Synthesizing a single pixel per search is wasteful when whole patches of the source are reusable. Efros and Freeman's 2001 image quilting Efros & Freeman 2001 lays down overlapping blocks copied from the source, choosing each new block so that its overlap region matches what is already there. That alone would leave a visible seam wherever two blocks meet, so quilting adds the crucial trick: in the overlap strip, it does not blend — it cuts along the minimum-error boundary, the path through the overlap where the two blocks disagree least, and takes one block on each side of the cut (Figure 8.6.4). Finding that least-disagreement path through a strip is a tiny dynamic program — a one-dimensional shortest-path / graph cut — and because the seam wanders through wherever the two patches happen to agree, it becomes invisible.

Quilting is far faster than pixel-at-a-time synthesis (a whole block per search, not a pixel), and its min-error-seam idea is the direct ancestor of GraphCut textures (Kwatra et al. 2003 Kwatra et al. 2003), which generalize the one-dimensional cut to a full two-dimensional graph cut: place a patch and let min-cut/max-flow decide, per pixel, whether to keep the old texture or the new one, with the cut running along the seam of least visible disagreement.

That is not a coincidence; it is a big lesson. The patch-plus-min-error-seam view is discrete optimization on a graph — a match cost (how well a patch fits) plus a seam cost (how visible the boundary is) — minimized by an off-the-shelf optimizer, with the energy doing all the design work.

💡 Big lesson (L12)

The quilting seam is a graph cut — the energy is the design.

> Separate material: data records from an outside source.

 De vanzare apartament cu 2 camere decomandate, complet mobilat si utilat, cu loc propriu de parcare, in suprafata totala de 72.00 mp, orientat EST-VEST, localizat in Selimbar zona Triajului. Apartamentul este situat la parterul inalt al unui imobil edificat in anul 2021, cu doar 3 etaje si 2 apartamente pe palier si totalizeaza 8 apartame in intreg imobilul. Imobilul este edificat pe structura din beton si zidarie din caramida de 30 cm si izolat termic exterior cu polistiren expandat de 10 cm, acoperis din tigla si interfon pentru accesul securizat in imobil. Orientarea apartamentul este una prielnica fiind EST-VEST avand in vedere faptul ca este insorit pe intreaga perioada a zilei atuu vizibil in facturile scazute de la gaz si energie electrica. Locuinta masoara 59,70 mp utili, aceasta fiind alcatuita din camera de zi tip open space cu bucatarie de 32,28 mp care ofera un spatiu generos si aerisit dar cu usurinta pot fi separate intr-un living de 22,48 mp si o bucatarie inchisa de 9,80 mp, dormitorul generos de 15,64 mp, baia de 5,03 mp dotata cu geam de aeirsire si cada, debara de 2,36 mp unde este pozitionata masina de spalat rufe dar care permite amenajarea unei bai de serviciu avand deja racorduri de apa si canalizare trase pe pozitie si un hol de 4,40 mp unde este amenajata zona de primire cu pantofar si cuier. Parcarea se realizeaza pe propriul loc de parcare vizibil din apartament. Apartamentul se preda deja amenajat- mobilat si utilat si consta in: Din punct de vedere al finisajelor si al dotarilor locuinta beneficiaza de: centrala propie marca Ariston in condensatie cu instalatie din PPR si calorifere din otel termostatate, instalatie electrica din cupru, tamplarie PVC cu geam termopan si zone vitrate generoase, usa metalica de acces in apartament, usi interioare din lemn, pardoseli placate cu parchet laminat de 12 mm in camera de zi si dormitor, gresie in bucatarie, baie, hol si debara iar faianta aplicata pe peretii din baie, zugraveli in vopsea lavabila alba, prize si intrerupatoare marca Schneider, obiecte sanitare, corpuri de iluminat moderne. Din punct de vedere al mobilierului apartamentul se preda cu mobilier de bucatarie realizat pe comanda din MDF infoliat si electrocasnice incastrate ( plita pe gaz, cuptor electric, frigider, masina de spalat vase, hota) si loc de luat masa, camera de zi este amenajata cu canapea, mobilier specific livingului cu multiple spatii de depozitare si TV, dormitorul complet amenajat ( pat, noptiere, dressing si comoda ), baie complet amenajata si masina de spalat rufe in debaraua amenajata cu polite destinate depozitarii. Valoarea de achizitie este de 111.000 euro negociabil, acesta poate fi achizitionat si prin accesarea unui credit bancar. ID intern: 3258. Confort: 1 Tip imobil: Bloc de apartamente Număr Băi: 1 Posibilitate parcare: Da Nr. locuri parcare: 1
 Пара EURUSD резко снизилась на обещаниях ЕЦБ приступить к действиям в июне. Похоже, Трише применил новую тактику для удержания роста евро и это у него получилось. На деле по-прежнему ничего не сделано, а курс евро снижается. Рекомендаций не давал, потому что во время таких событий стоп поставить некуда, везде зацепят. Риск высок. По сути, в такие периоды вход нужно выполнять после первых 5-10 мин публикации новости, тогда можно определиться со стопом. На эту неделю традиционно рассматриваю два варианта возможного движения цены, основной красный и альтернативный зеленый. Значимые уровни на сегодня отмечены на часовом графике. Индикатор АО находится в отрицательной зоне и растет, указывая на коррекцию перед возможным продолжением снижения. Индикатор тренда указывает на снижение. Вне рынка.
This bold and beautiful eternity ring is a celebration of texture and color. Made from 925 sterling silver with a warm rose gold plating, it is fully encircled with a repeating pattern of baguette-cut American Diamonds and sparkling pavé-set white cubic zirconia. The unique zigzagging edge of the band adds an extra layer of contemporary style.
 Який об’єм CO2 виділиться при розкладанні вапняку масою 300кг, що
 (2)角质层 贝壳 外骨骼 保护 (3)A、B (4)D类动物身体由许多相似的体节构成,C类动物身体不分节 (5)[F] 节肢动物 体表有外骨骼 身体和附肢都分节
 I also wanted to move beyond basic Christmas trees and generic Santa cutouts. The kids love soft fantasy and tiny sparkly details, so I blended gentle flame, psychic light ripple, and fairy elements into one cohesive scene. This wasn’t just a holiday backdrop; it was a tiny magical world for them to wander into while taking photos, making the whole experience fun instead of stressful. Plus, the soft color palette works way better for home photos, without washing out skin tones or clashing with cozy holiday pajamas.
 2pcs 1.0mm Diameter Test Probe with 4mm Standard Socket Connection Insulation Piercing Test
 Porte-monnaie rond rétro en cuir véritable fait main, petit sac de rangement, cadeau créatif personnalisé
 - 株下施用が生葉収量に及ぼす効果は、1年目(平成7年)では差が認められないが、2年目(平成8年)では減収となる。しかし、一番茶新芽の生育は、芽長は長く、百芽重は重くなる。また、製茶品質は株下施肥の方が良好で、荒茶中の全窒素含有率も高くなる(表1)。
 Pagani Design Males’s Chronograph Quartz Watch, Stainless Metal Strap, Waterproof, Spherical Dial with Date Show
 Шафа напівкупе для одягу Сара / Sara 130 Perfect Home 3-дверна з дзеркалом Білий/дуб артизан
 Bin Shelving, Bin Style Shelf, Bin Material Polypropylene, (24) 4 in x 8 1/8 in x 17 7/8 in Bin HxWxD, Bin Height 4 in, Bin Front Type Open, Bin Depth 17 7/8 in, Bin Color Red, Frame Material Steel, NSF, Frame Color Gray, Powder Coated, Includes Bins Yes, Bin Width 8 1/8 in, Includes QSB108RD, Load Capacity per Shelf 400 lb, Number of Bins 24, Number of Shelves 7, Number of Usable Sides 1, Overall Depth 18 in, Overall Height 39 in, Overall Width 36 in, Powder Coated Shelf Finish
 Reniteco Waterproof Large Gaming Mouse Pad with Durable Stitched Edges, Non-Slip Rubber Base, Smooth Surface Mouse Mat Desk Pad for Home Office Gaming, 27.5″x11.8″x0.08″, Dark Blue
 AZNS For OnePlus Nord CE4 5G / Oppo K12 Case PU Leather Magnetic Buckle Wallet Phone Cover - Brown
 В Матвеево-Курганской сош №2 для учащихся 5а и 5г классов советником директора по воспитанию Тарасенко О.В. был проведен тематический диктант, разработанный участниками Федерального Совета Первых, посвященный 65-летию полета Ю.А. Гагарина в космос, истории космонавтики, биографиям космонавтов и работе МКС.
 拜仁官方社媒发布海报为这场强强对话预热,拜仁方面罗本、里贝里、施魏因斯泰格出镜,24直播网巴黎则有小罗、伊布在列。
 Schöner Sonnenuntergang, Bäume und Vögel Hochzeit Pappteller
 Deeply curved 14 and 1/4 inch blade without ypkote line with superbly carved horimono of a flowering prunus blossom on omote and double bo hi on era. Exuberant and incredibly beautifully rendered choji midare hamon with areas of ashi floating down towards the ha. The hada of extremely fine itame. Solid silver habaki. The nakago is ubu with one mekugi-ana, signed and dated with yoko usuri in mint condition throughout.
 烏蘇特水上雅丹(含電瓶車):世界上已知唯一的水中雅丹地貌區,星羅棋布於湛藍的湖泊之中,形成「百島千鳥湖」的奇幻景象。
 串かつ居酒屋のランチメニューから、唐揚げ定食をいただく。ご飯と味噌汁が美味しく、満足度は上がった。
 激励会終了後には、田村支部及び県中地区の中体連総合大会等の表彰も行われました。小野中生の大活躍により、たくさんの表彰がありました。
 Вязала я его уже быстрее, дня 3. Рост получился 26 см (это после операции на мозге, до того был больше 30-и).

Stitching two overlapping patches by choosing the minimum-error boundary through their overlap is exactly discrete optimization on a graph: a dynamic program in one dimension (quilting), a min-cut/max-flow in two (GraphCut textures, Kwatra et al. 2003). The optimizer is off-the-shelf; what you design is the energymatch cost (does this patch belong here?) plus seam cost (is the boundary visible?). The same machinery cuts panorama and photomontage seams and segments objects; texture synthesis is one more instance. (See L12image edits as discrete optimization on a graph; first placed in Seam optimization.)

fig-quilting-seam
Figure 8.6.4. Image quilting stitches patches along a minimum-error boundary. Left: two source blocks are placed with an overlap region; naively butting them together leaves a hard seam down the middle of the overlap. Middle: the per-pixel squared difference within the overlap strip — bright where the two blocks disagree, dark where they agree. Right: a minimum-error path (a 1-D dynamic program / graph cut) is routed through the dark, low-disagreement valleys; the left block is kept on one side of the cut and the right block on the other. The seam follows wherever the textures already match, so it disappears — the prefiguring of GraphCut textures (Kwatra 2003) and 💡 L12.

A note on the road not taken: instead of copying patches, one can fit an explicit parametric model of the texture's statistics — Heeger & Bergen 1995 match the histograms of steerable-pyramid subband responses, and Portilla & Simoncelli 2000 match a richer set of correlations among those responses. Synthesize by coercing white noise to have the same subband statistics. These never matched the visual quality of patch copying for structured textures, but they are conceptually important: matching the statistics of multiscale filter responses is the direct ancestor of neural style's Gram-matrix idea (cross-ref Style transfer, Linear pyramids and wavelets).

8.6.4 Exemplar inpainting: clone, healing brush, and object removal (Criminisi)

Texture synthesis fills a textured hole; exemplar inpainting turns the same patch-copying machinery on real photographs, where a hole sits among structured content — an edge, a horizon, a corner — that must continue across it. The lineage starts with two manual tools every retoucher knows.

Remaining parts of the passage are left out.